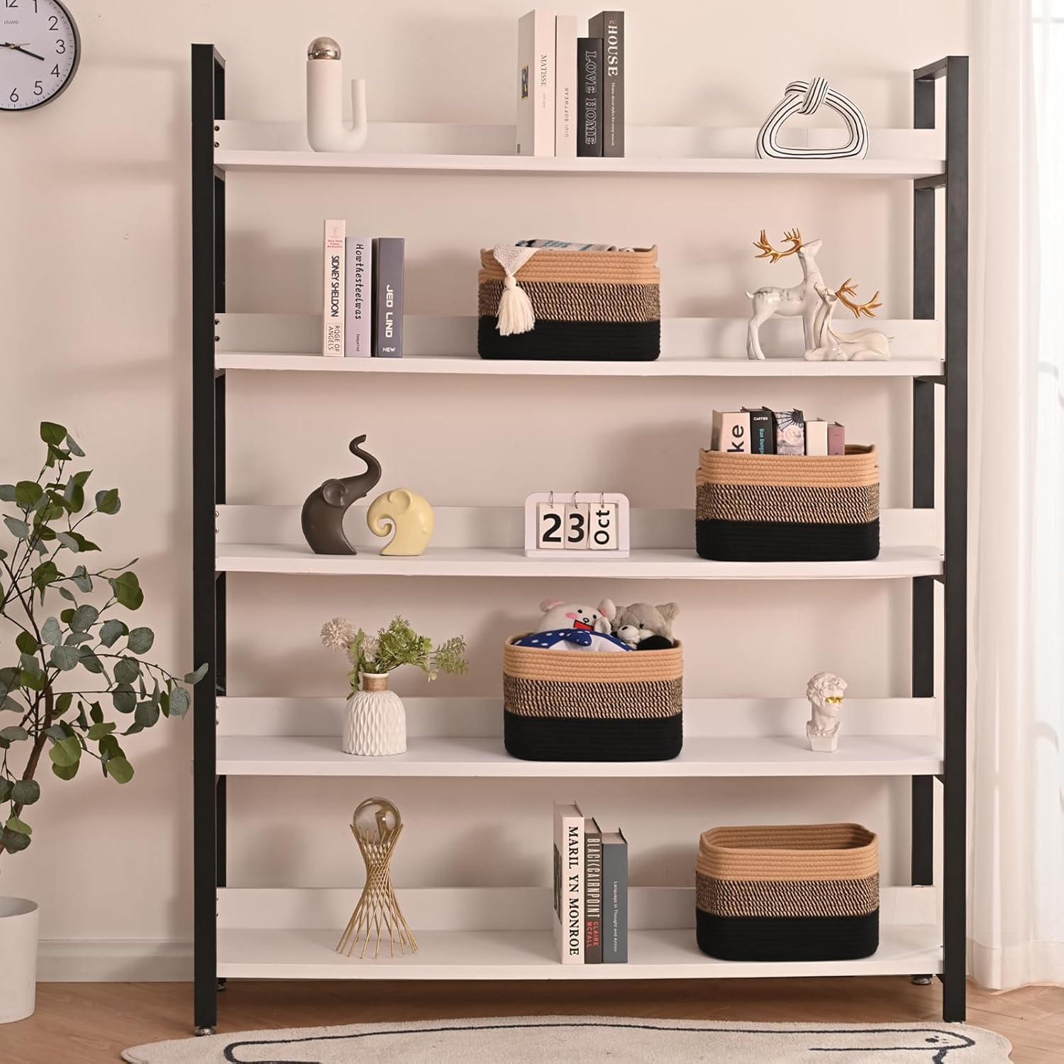 Storage Baskets for Shelves Organizing, Woven Cotton Rope Baskets for Storage, Book Basket, Towel Basket, 12.5"Lx9.1''Wx7.9''H (4 Packs) Gradient Black & Jute
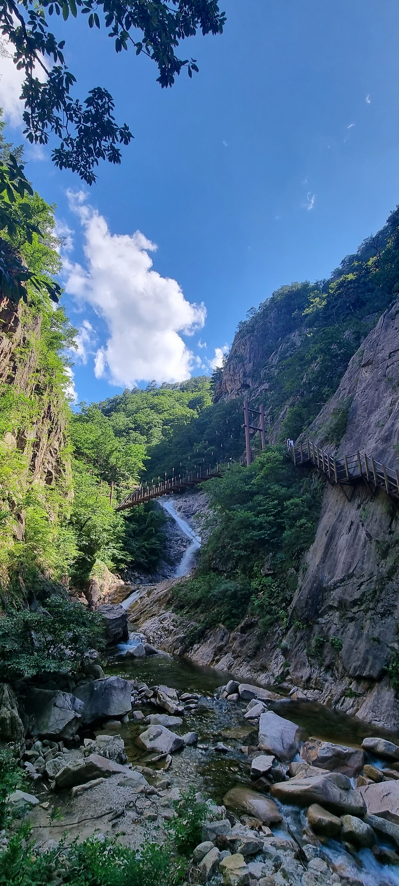 흔들다리를 건너 비룡폭포 향하는 길도 그다지 가파르지 않은 완만한 오르막이다.
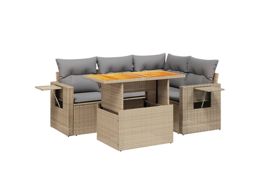 5dílná zahradní sedací souprava s poduškami béžová polyratan 3271738

**Exercise aim:**
Your copy should start at the line with "흔들다리를 건너 비룡폭포 향하는 길도 그다지 가파르지 않은 완만한 오르막이다.", stop at the last line of the listing above, match exactly, and contain no pictures.

**Answer to the exercise:**
 흔들다리를 건너 비룡폭포 향하는 길도 그다지 가파르지 않은 완만한 오르막이다.
 5dílná zahradní sedací souprava s poduškami béžová polyratan 3271738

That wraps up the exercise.